In late 2017, the Company also entered into a fixed-fee NGL transportation and fractionation agreement whereby the Company committed to deliver its NGL production at the tailgate of the Black River Processing Plant. The Company is committed to deliver a minimum amount of NGLs to the counterparty upon construction and completion of a pipeline expansion and a fractionation facility by the counterparty, which is currently expected to be completed late in 2019. The Company has no rights to compel the counterparty to construct this pipeline extension or fractionation facility. If the counterparty does not construct the pipeline extension and fractionation facility, then the Company does not have any minimum volume commitments under the agreement. If the counterparty constructs the pipeline extension and fractionation facility on or prior to February 28, 2021, then the Company will have a commitment to deliver a minimum amount of NGLs for seven years following the completion of the pipeline extension and fractionation facility. If the Company does not meet its NGL volume commitment in any quarter during the seven-year commitment period, it will be required to pay a deficiency fee per gallon of NGL deficiency. Should the pipeline extension and fractionation facility be completed on or prior to February 28, 2021, the minimum contractual obligation during the seven-year period would be approximately $132.3 million.
In April 2018, the Company entered into a short-term natural gas transportation agreement whereby the Company committed to deliver a portion of the residue natural gas production at the tailgate of the Black River Processing Plant to transport through the counterparty’s pipeline.
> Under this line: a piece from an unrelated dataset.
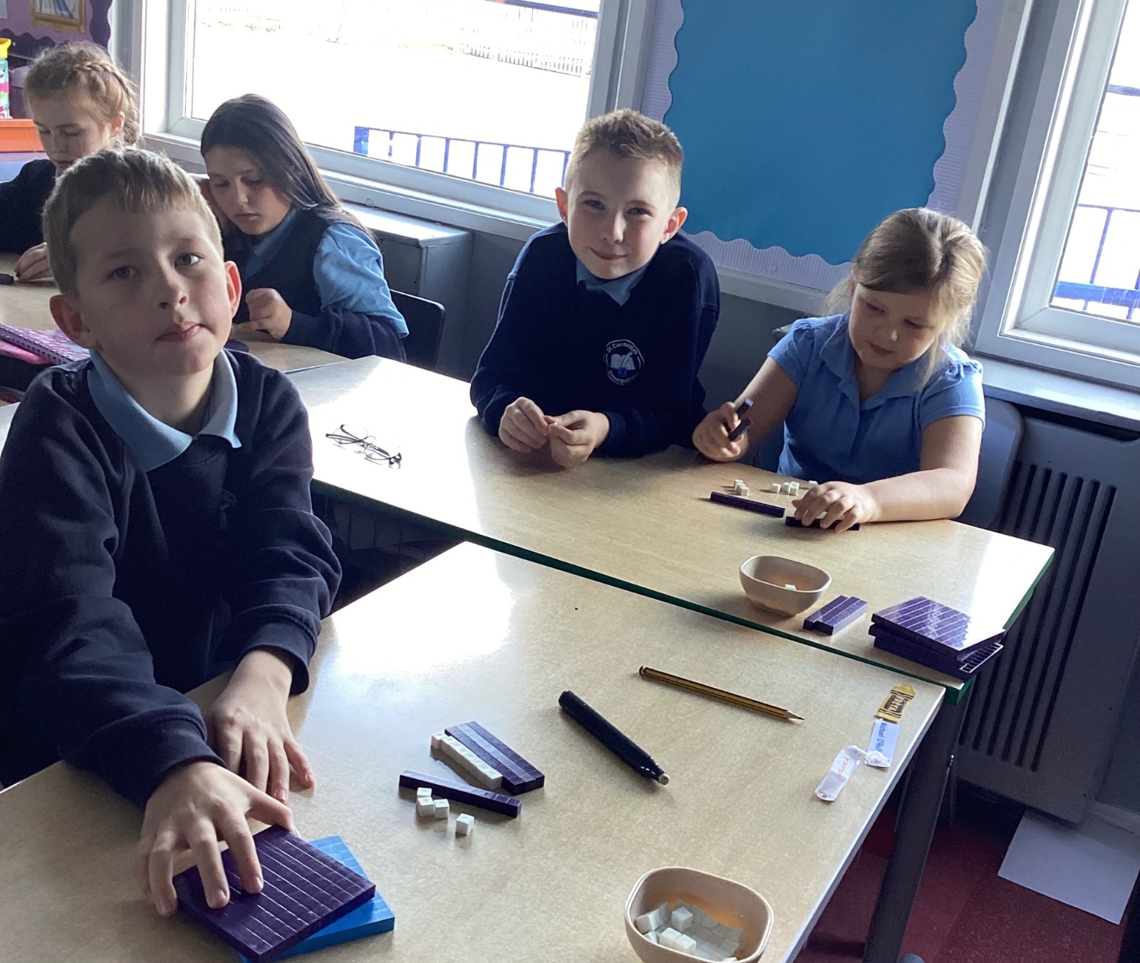We used the base 10 counters to help us see how the numbers fit into tens and ones. We learnt that sometimes the ones column adds up to more than 9, and when this happens we need to regroup by moving extra ones into the tens column. This helped us understand why regrouping is important and made it easier to solve our equations.

Under this short-term agreement, the Company will owe the fees to transport the committed volume whether or not the committed volume is transported through the counterparty’s pipeline. The minimum contractual obligation under this short-term contract at June 30, 2018 is approximately $4.6 million. This short-term agreement ends on September 30, 2019. The Company paid approximately $0.2 million in transportation fees under this agreement during the three and six months ended June 30, 2018.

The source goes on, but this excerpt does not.